3 AUGUST 1929, Page 23

Nudity and Nonsense.

WITH much that Dr. Saleeby and others urge concerning the value of sunlight, and the necessity of exposing our

bodies to their natural element, fresh air, we are in agreement.

The need for a more natural way of living is apparent in ninety-nine out of every hundred city-dwellers, with their clogged skins. But when Dr. Parmelee endeavours to enlist public support for " the new gymnosophy " we feel he is going too far and protesting too much.

The gynmosophists were naked philosophers of ancient India, who ate no flesh, renounced all bodily pleasures,

and gave themselves up to mystical contemplation. The

new variety of this cult, as practised by Dr. Parmelee and his German friends, is not specifically ascetic, or indeed meditative. It attends its festivals by bicycle or charabanc, and dances to a gramophone or wireless.

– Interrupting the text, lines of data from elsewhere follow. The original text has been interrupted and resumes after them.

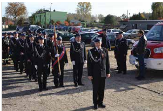
Jednostka OSP w Topólce

Jest to w historii funkcjonowania gminy, po reformie ustrojowej, pierwszy nowy samochód zakupiony dla jednostki straży pożarnej. Jego wartość to 307 131,00 zł . Ufundowany przez Oddział Wojewódzki Związku Ochotniczych Straży Pożarnych RP w kwocie 230 348,25 zł oraz Urząd Gminy Topólka w kwocie 76 782,75 zł .
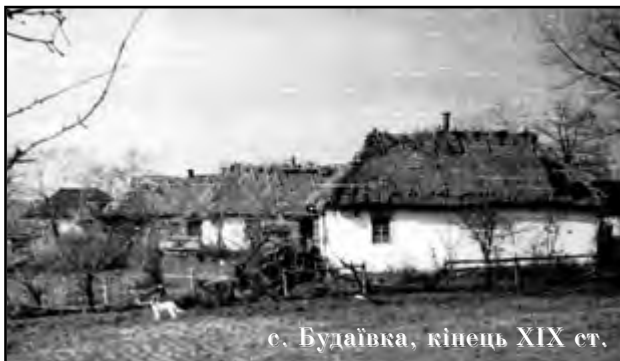
с. Будаївка, кінець XIX ст.

лого", в якій був перелік "добр Васильківських" Києво-Печерської лаври, зокрема "і з палацом на городищі і - Перетвір'ям над річкою Перетворкою - з сільцем та з церквою, і [всім], що там є". Щоправда, це важливе свідчення ускладнюється припущенням дослідників у тому, що "Ставропігійна грамота" в тому вигляді, в якому вона збереглася до нашого часу, є неточним
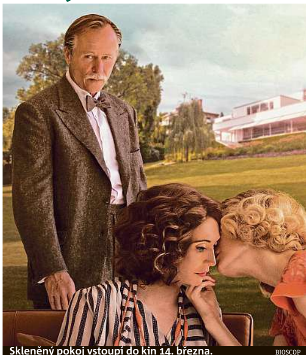
Sklenný pokoj vstoupí do kin 14. března.
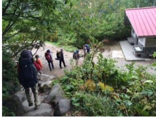
67. 中飯場に到着 このトイレは綺麗
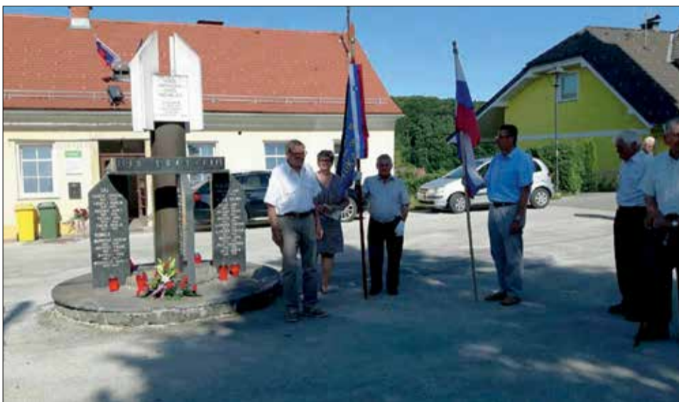
Komemoracija ob dnevu izgnancev na Veliki Dolini
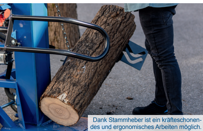
Dank Stammheber ist ein kräfteschonendes und ergonomisches Arbeiten möglich.
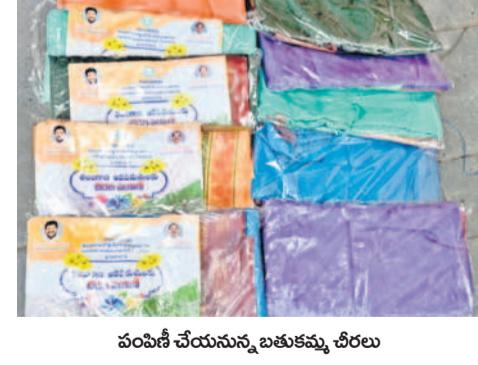
పంపిణీ చేయనున్న బతుకమ్మ చీరలు
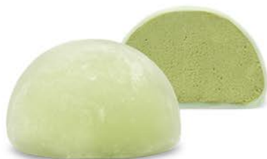
126 Mochi de té verde Alérgeno:1. 3.7.8 2.95€
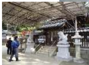
防火訓練・防火点検
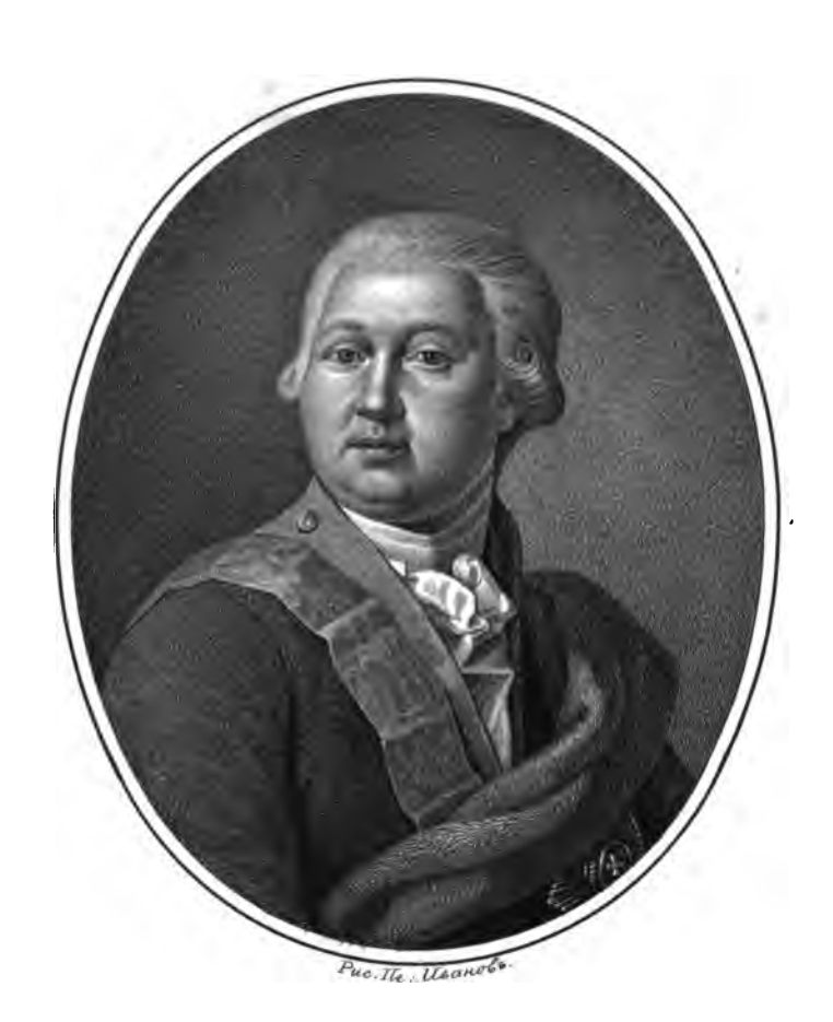
Tpaces Basenmens Karronoburi
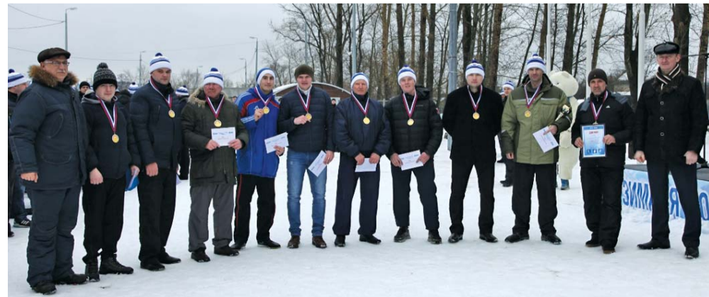
Лидер соревнований по футболу на снегу – сборная команда АО «Газпром газораспределение Тамбов» филиалов в г. Тамбове и в г. Кирсанове
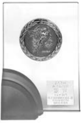
→仙台広告賞「銀賞の盾」

鳴子温泉郷観光協会では昨年度「鳴子温泉郷へ行こう！」というラジオの20秒CMをFM仙台で流しました。このCMはFM仙台CMコピーコンテストで一般から公募し優秀賞を受賞した作品で、昨年の10月から1月の間に放送されました。今回このラジオCMが仙台広告協会とテレビ局各社が主催する『第53回仙台広告賞』ラジオCM部門で銀賞を受賞しました。先日、仙台のホテルで授賞式が行われ銀賞の盾と副賞を頂いております。なお、放送された20秒CMはFM仙台のホームページから試聴できます。『第11回dam efmcmmコピーコンテスト』で検索してみてください。(今年度の12回CMコピーコンテストでは最優秀賞を受賞しています)
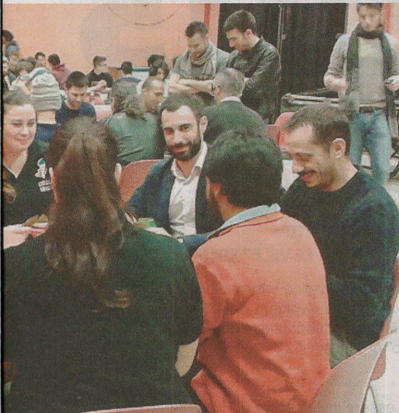
Inelli si divertono giocando con "Scarty"

tre della primaria per esempio raccolgono il tetrapak, i ragazzi della scuola secondaria di primo grado sono invece impegnati in altre attività come lo studio dei cambiamenti climatici e l'assetto idraulico del territorio, inoltre, alcune uscite didattiche sono state organizzate dai docenti utilizzando i mezzi pubblici per educa-
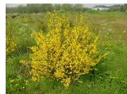
Bremstruweel Sarthamnus scoparius Wilde brem Te beplanten oppervlakte 400 m 2 Plantafstand 100x100 cm

Struweelbeplanting: typologie bremstruweel langs de bosranden Nieuwe aanplant met natuurlijke ontwikkeling Aanplant van: 20% Sarthamnus scoparius Wilde Brem 20% Prunus spinosa Sleedoorn 20% Amelanchier lamarckii Krent 20% Rosa rubiginosa Egelantier 20% Rosa canina Hondсроos Plantafstand 150x150 cm Randbreedte: 4 m Te beplanten randlengte 160 m1 Te beplanten oppervlakte 640 m 2
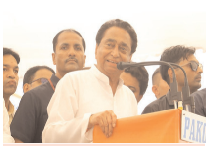
■ 27 अप्रैल को विधानसभा का विशेष सत्र

भोपाल, 22 अप्रैल (एजेंसियां)। मध्य प्रदेश में महिला आरक्षण बिल को लेकर सियासी घमासान तेज हो गया है। राज्य में 27 अप्रैल को एक दिवसीय विशेष विधानसभा सत्र बुलाया गया है, जिसमें इस मुद्दे पर चर्चा होगी। इस बीच सत्तारूढ़ भारतीय जनता पार्टी और विपक्षी दल कांग्रेस एक-दूसरे पर जनता को गुमराह करने के आरोप लगा रहे हैं। यह बहस अब संसद से निकलकर राज्य की राजनीति में पहुंच गई है, जहां नेताओं के बीच तीखी बयानबाजी हो रही है। जैसे-जैसे सत्र की तारीख नजदीक आ रही है, भोपाल में विवाद बढ़ता जा रहा है और महिला आरक्षण राज्य की राजनीति का बड़ा मुद्दा बन गया है। कांग्रेस के वरिष्ठ नेता और मध्य प्रदेश के पूर्व

It snapshots its members in more or less graceful poses, and it is, above all, acutely self-conscious and self-assertive, which the ancient Aryans were not.

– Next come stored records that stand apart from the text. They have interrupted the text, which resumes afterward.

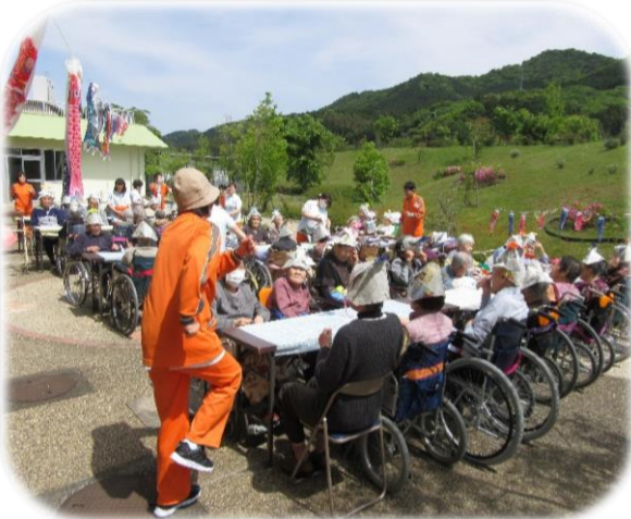
▲腕を振って足を上げて365歩のマーチ

五月晴れの下、端午の節句を開催しました。目の前を元気に泳ぐ園庭の鯉のぼりをご覧になり、利用者さんも「色々な鯉がたくさんいるね」と感動されていました。暖かく、陽気に吹く風に舞い上がるたくさんの鯉のぼりを見ながら、「♪屋根よりたかーい こいのぼーりー♪」と、参加者全員で大合唱しました。手や身体を使った体操の後、職員手作りの水ようかんを召し上がりました。旗揚げゲームでは、職員の「赤上げて、白下げて」などの掛け声に、スピードが速くなるにつれ、あちらこちらで、「間違えたー」「ひかかったー」と、大きい笑い声で会場は盛大に盛り上がりました。
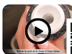
Maintenance clapet mécanisme SIAMP
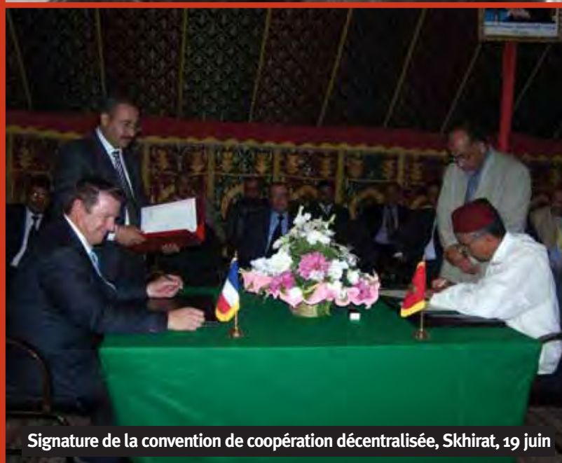
Signature de la convention de coopération décentralisée, Skhirat, 19 juin
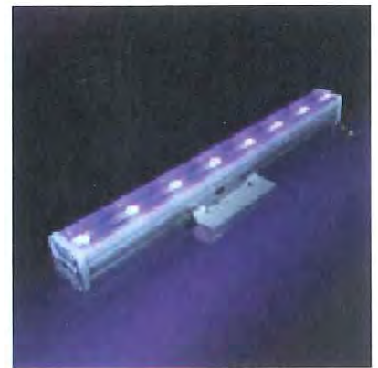
i-LèD Starline RGB
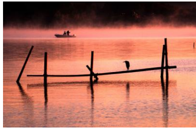
14. け嵐の湾(中島町笠師) 朝霧立つ西湾
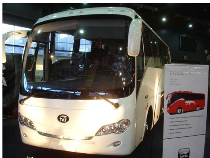
El Puma D8 posee un diseño moderno
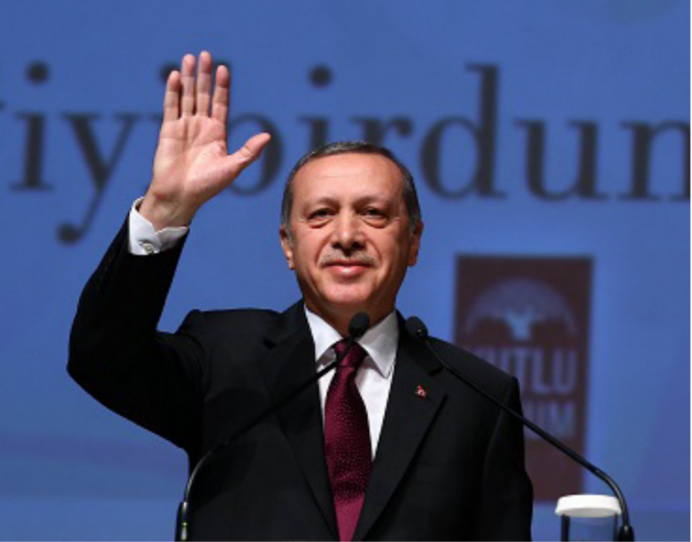
رجب طيب أردوغان

السياسات الموجهة نحو النمو لم تكن موجودة، وهذا التضخم ليست له أهداف، ولم يتم بعد استعمال كميات كبيرة من المدخرات في صناديق الثروات السيادية، صناديق التقاعد وشركات التأمين لصالح القطاع العام، ربما بسبب انسداد قنوات الوساطة المتعلقة بالمخاطر والحوافز
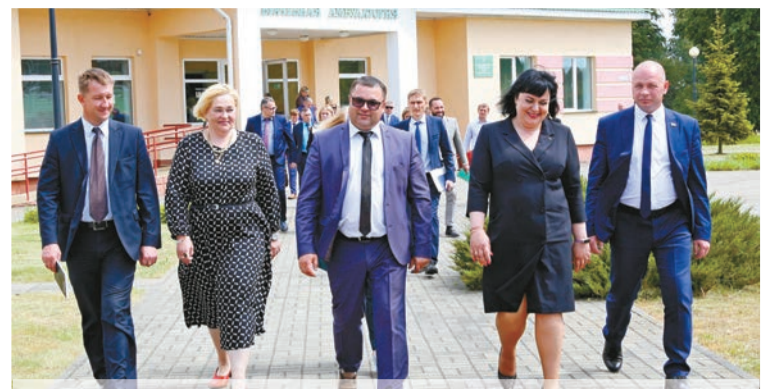
Во время выездного заседания в Александрии члены исполкома посетили амбулаторию врача общей практики...

правоохранительных органов невозможно добиться желаемого результата по снижению уровня рецидивной преступности. Поэтому важно совместно с управлением по труду, занятости и социальной защите райисполкома, постоянно действующей комиссией по координации работы по содействию занятости населения продолжить ежемесячное проведение «Ярмарки вакансий», предлагать рабочие места тем, кто не имеет постоянной работы, ведет асоциальный образ жизни, а также необходима поддержка таких людей в коллективах.

Dr. Parmelee believes in a return to primitive life. We should give up living in cold climates, where we must wrap ourselves in hideous garments and bustle about to earn our bread. " The sensible thing for many to do is to retire from the frigid zones to warmer regions." Certain of the gymnosophic circles in which he moved seem, however, to have thought that the hope of the world lay with the white- skinned races, and excluded from their number all Jews and Orientals. These folk are in the outer darkness—not of Dr. Parmelee's 'doxy. They believe in Nordicism as he believes in nudity—and we shall not attempt to consider which is the wiser.

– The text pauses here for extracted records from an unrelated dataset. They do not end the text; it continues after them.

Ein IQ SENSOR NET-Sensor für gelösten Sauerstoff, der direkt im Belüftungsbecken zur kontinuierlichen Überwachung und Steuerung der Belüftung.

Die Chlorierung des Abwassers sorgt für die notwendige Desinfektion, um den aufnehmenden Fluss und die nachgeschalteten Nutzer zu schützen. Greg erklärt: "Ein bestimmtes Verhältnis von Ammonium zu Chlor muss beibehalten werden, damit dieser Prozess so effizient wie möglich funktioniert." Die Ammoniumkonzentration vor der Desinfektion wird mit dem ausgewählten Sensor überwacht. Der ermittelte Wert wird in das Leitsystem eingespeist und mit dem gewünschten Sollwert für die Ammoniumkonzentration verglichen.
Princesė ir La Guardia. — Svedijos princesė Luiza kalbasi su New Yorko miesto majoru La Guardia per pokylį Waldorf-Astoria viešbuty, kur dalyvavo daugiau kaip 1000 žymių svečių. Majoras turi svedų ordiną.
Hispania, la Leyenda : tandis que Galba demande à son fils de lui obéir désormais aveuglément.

The tropics, we are told, are perfectly suitable for the white man. He eats and drinks too much—Dr. Parmelee saw him at it when he passed through India—and he does not take enough exercise. If only " white men and women will reduce their clothing, adopt a light diet, eliminate alcoholic beverages; and accustom themselves to the sun's rays, from which they always flee, there is no reason why they should not live and work successfully in the tropics." After reading several such passages this reviewer wondered whether the author would be of the same opinion after a week or two in August on the Indian North-West frontier.

But, easy generalizations and fantastic theories aside, this book has a certain value as evidence of how seriously men and women in the North of Europe are considering the " back to Nature " movement. For children especially the movement has much of value in it. We read of ceremonies to greet the solstices of summer and winter. We are told that in Germany, Nacktkultur began as a middle-class movement, but is now spreading to the manual workers. We hear of Dr.

Parmelee disporting himself amongst English gymnosophists ; and we read that Mr. Havelock Ellis has no intention of joining any society for the promotion of nakedness because he has always practised it among friends. Moreover, he slily adds, we shall automatically reach a state of pure Nacktkultur, at all events for women, by a continuation of the present dress-reform movement, which finds such general approval."